- Action item
The copy should hold exactly the lines below from the one that contains "REAL取材Ωの2日目となる" through the one that contains "Dawn Coughlan, CCDAR" and nothing else, so no pictures.

- Extracted information
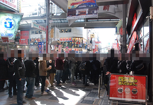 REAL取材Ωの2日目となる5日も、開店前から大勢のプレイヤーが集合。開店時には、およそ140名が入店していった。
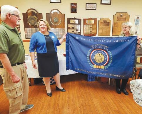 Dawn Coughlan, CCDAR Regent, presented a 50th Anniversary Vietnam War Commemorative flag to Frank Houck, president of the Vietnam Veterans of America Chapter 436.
==
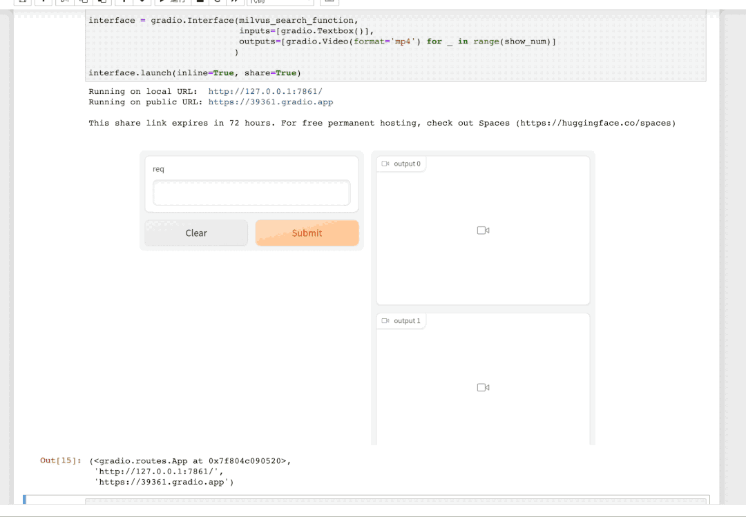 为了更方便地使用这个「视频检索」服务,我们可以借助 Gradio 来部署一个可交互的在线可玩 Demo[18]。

- Task answer
 REAL取材Ωの2日目となる5日も、開店前から大勢のプレイヤーが集合。開店時には、およそ140名が入店していった。
 Dawn Coughlan, CCDAR Regent, presented a 50th Anniversary Vietnam War Commemorative flag to Frank Houck, president of the Vietnam Veterans of America Chapter 436.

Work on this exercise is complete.